Tea and beer? It must be Britain

3rd March 1995, 12:00am
The Eyewitness Atlas of the World, Dorling Kindersley Pounds 14.99 0 7513 51261. The Oceans Atlas, By Anita Ganeri and Luciano Corbella. 0 7513 51148. The Bird Atlas, By Barbara Taylor and Richard Orr. 0 7513 50680 Dorling Kindersley, Pounds 10.99 each, Wayland Atlas of the World.Revised Edition, Wayland Pounds 10.99. 0 7502 11210.

Michael Storm attempts to navigate the world with a batch of new atlases. The Eyewitness Atlas arrived with a considerable flourish. It claims “a three-dimensional representation of the earth’s surface which has a clarity and an accuracy never before seen in print.” Though the decorative illustrations are unusually lavish (most double-page spreads incorporate about 20 photographs and line drawings), the basic structure of the atlas is conventional. Spreads on planetary behaviour, earth structure, landforms, climatevegetation, population, political geography, are followed by more than 50 regional maps (three on South America, 16 on Europe).
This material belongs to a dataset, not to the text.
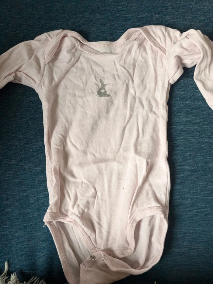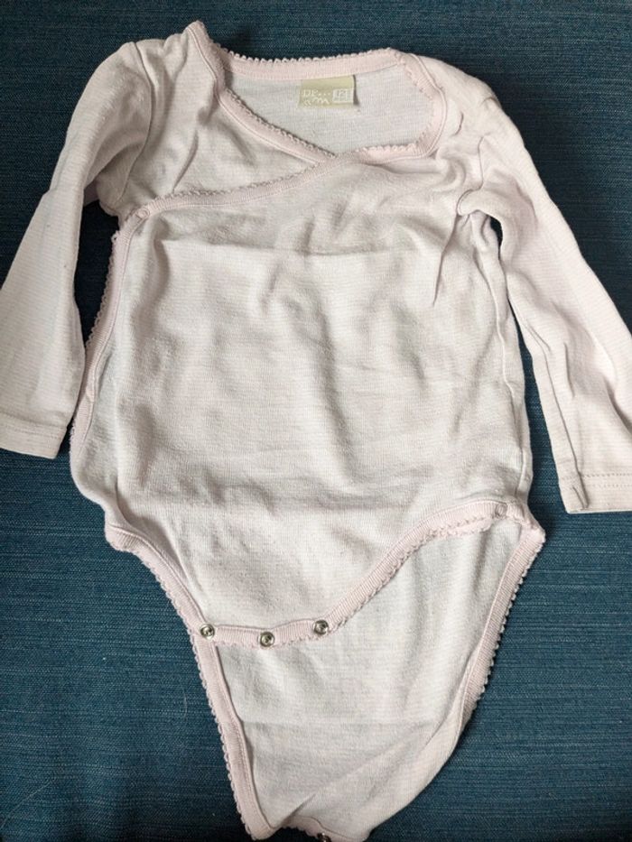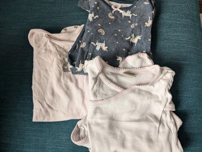 Lot de 3 bodies 12 mois Les deux roses sont en très bon état, le bleu a déjà été beaucoup porté mais il n'a pas de trous ou de tâches. #miladylinefille12mois

These very ambitious layouts are not entirely successful. The combination of computer-generated 3-D modelling, enhanced by hill-shading and coloured to give an impression of vegetation and land use affects both legibility and consistency. Mountain localities find themselves in deep shadow. Land use tinting ensures that the Appalachians figure as a bright green swathe, while the Mojave desert shares a colour with the mountains of Vermont. Liberally-distributed symbols tend to jostle for attention. Kansas (two by four inches) accommodates 26 assorted symbols as well as rivers, railways and 17 place names. Barbados is virtually obliterated by six symbols, two inscriptions, a flag and population data. Relatively empty areas of the globe are quite thickly populated with symbols; a scatter of natty blue anchors locates seven “major ports” in Alaska and the Aleutians.
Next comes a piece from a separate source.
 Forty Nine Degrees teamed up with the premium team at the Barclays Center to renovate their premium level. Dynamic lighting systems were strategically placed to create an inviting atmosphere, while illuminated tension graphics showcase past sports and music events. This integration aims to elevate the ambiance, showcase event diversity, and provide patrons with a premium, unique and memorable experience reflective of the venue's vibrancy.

The Eyewitness Atlas pages are extraordinarily busy; the priority is clearly the number and diversity of “informative facts”. A price is paid for this. Pictures of a cup of tea and a pint of beer, with captions about national drinks, help to account for the rather modest scale of the single UK map. The atlas takes the concept of the general-purpose, heavily-laden regional map to - and beyond - its limit. A plethora of tiny images and “fact-bites” devours the space that might have accommodated larger, clearer maps, including some thematic ones - population, relief, land use and so on. The middle-school group will undoubtedly find this diverting browsing material, but “the development of map skills” is not really well-served by the coffee-table format.
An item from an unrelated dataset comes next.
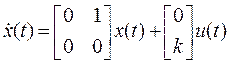 Пример. Пусть объект управления представляет собой двойной интегратор с одним входом u(t) и одним выходом y(t), описываемый уравнениями в переменных состояния

Two other atlases from the same publisher demonstrate the effectiveness of the thematic approach. The Oceans Atlas is a genuine trail-blazer, providing an unusually comprehensive treatment of the three-quarters of the planet beyond the land masses. Oceanic distributions are merely the starting point for explorations of structure and submarine topography, currents, tides, life forms. Spectacular graphics include “drained” ocean floors and underwater panoramas of the Hawaiian range and the Emperor Seamounts. The final six spreads (of 30) deal with human use and abuse of the oceans.

The Oceans Atlas deserves a niche in secondary school libraries, while the very attractive Bird Atlas has a range extending into the upper primary years, with a clear and friendly text.

In design terms, Richard Orr’s striking paintings dominate. The maps are simple, small-scale affairs, modestly featuring as background or margin. Scales might usefully have been more varied, with a few closer looks at notable ornithological locations. The emphasis on the rare and exotic might also have been complemented by material on the common habitats of buildings and gardens.

The Wayland Atlas is a well-established no-nonsense collection of admirably uncluttered maps, now completely up-dated. Absence of any encyclopaedic ambitions (not a flag or a picture in sight) means that 73 of its 90 pages are devoted to simple thematic and regional maps, which do not attempt to blend physical and political material. This results in an absence of “noise”, that will help to build confidence in the young user (eight to 14-year-olds). Notably solidly bound, this atlas’s natural habitat is the classroom desk rather than the library display.